A l'appui de leurs allégations, ils ont invité un agent et à un avocat à témoigner de leurs expériences dans ce domaine.
Un homme armé au bureau d'Ennahdha à Kélibia
Tout en insistant sur la volonté des agents de la sécurité de combattre le terrorisme, le président de la section de Tunis de l'ATSR, Issam Dardouri, déplore néanmoins le manque de moyens et d'équipements leur permettant de mener à bien leur mission, ainsi qu'un engagement clair du ministère de l'intérieur dans ce combat. Il déplore aussi que des dossiers instruits par des agents soient enterrés ou mis dans les tiroirs sans suite, la mise à la retraite anticipée et obligatoire de cadres expérimentés dans ce domaine, ou même les arrestations d'agents de sécurité, souvent non expliquées.
Il cite, notamment, le cas de Sofiane Hadj Amor, arrêté le 18 février 2012, accusé de vol et de mise à feu d'un local d'Ennahdha à Hammam El-Ghezaz. Selon son avocat, Chawki Chebbi, l'attaque a eu lieu le 17 février 2012. Elle était l'oeuvre d'un groupe d'individus. Sofiane, agent de l'ordre de son état, a dû intervenir pour protéger le local en question, mais aussi pour raisonner les assaillants. Mais, en pénétrant à l'intérieur du local, il s'est trouvé face à un homme armé, qui l'a accusé d'être le fauteur de trouble.
Chawki Chebbi, Issam Dardouri et Kamel El-Ouhaïbi.
«Sofiane a fait son devoir en dénonçant à sa hiérarchie l'homme qui détenait une arme, sans en avoir l'autorisation. Et c'est lui qui s'est retrouvé, finalement, derrière les barreaux. De plus, il est incarcéré, depuis, sans aucun jugement», explique Me Chebbi.
Remercié pour avoir découvert un groupe terroriste à Sidi Bouzid
Kamel El-Ouhaïbi, ancien cadre du ministère de l'Intérieur, invité lui aussi comme témoin, a été mis à la retraite anticipée et obligatoire, quelques jours après qu'il ait dénoncé un groupe terroriste, qu'il a démasqué à Kasserine.
M. El-Ouhaïbi revient sur les faits: «Le 7 février 2012, j'ai alerté mes chefs hiérarchiques sur la présence d'un groupe terroriste à Kasserine.

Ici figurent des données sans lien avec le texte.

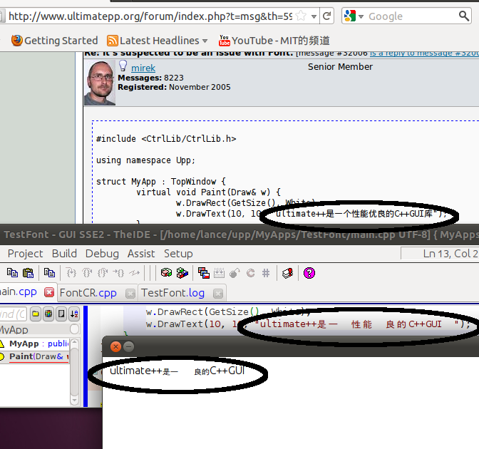 Home » U++ Library support » U++ Libraries and TheIDE: i18n, Unicode and Internationalization » It's suspected to be an issue with Font.
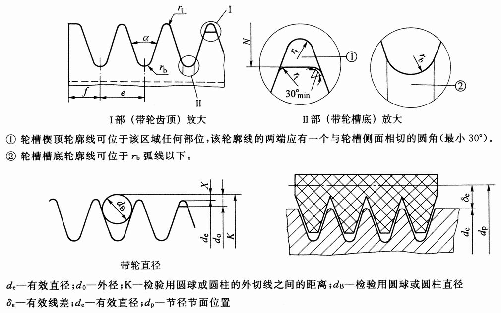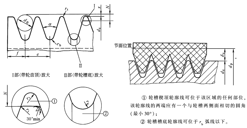 | 型号 | 槽距e | 槽角α | 楔顶圆角半径rb,最小值 | 槽底圆弧半径rt,最大值 | 检验用圆球或圆柱直径dB | 2X,公称值 | 2N,最大值 | f,最小值 | 带轮最小有效直径de | 有效线差公称值δe |
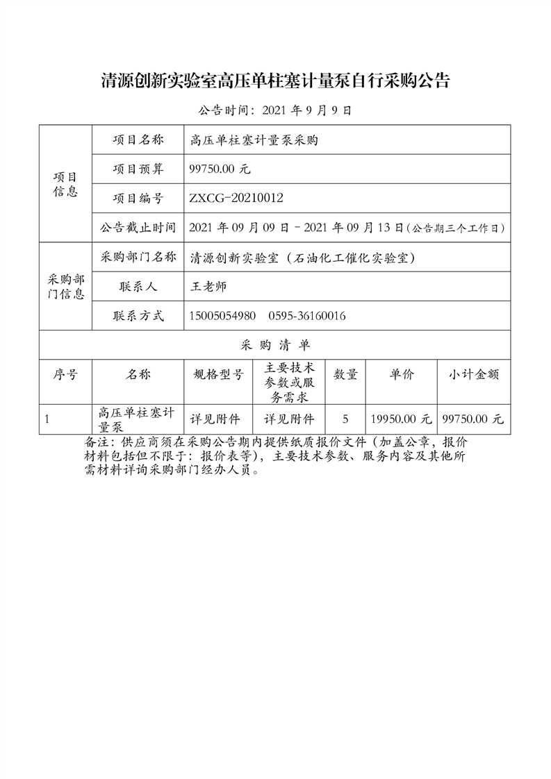 清源创新实验高压单柱塞计量泵自行采购公告
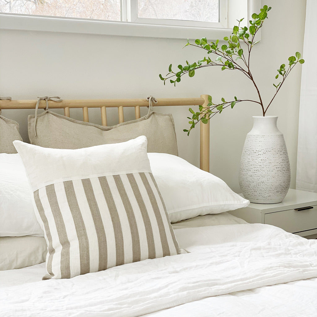 The meticulously woven construction of the Mead Linen Throw Pillow boasts durability and will provide natural charm into your decor space. Made with Linen, in India, Spot Clean Only, Line Dry.
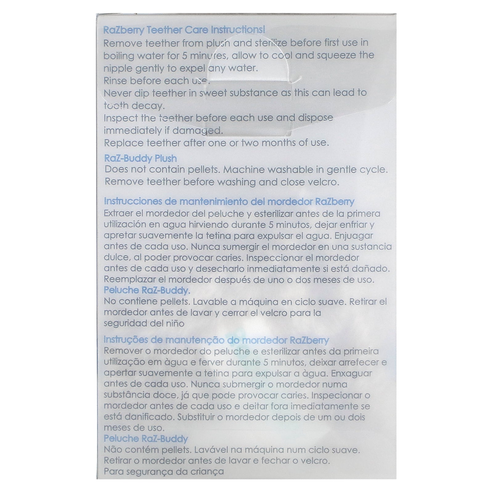 Remove teether from plush and sterilize before first use in boiling water for 5 minutes, allow to cool and squeeze the nipple gently to expel any water. Rinse before each use. Never dip teether in sweet substance as this can lead to tooth decay. Inspect the teether before each use and dispose immediately if damaged. Replace teether after one or two months of use.
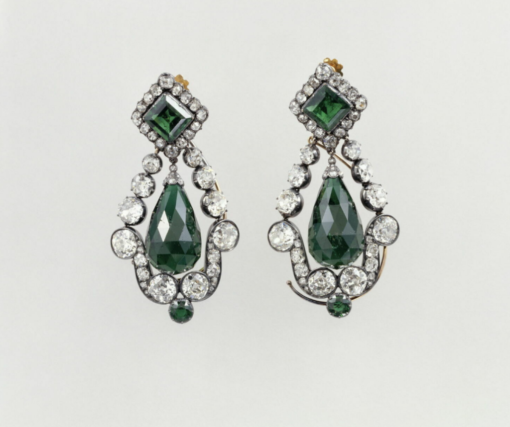 Ένα ζευγάρι σκουλαρίκια με σμαράγδια από το σετ κοσμημάτων της Μαρίας Λουίζας:

J'avais alors découvert avec mon équipe une grande quantité d'armes au domicile de l'un des arrêtés dans les affrontements armés de Bir Ali Ben Khalifa, ayant opposé, 6 jours auparavant, les forces de l'ordre à un des présumés terroristes».
Cette alerte lui vaudra, quelques jours plus tard, une lettre officielle du ministère de l'Intérieur lui notifiant son départ à la retraite, sans aucune explication. L'ancien officier ne s'explique toujours pas cette mise à l'écart qui lui a créé beaucoup de problèmes dans son entourage.
«Pourquoi on me demande de partir, alors que le pays a besoin de cadres comme moi qui ont une expérience dans la lutte contre terrorisme? Pourquoi fait-on taire les braves qui se dévouent dans la défense de leur pays?», s'interroge-t-il. Et d'ajouter: «Mon dernier diplôme d'honneur, on me l'a décerné le 12 janvier 2012, soit un mois avant que ne sois remercié».
Imed Herzi sanctionné pour avoir eu raison
Issam Dardouri revient ensuite sur le cas de Imed Herzi, un officier de police qui travaillait à Médenine. Il a été le premier à alerter sur la présence de quantités d'armes dans la cette région frontalière avec la Libye, au début de 2012. Son alerte n'a jamais eu de suite. Pour le «remercier», ses chefs l'ont transféré à Sidi Bouzid (centre), comme pour l'éloigner. Il sera assassiné avec 5 autres officiers et agents de la garde nationale, par des terroristes, à Ounaissia, dans la délégation de Sidi Ali Ben Aoun, le 23 octobre dernier.
Ces témoignages suscitent des interrogations quant à la neutralité de certains hauts cadres du ministère de l'Intérieur, qui ne donnent pas l'impression d'être très engagés dans la lutte contre le terrorisme. Les responsables de l'ATSR demandent, par conséquent, à leur ministre Lotfi Ben Jeddou de mettre fin à ces pratiques qui nuisent à la crédibilité de l'institution sécuritaire dans son ensemble, alimentent les suspicions et n'aident pas les forces de l'ordre à bien mener leur combat contre le terrorisme.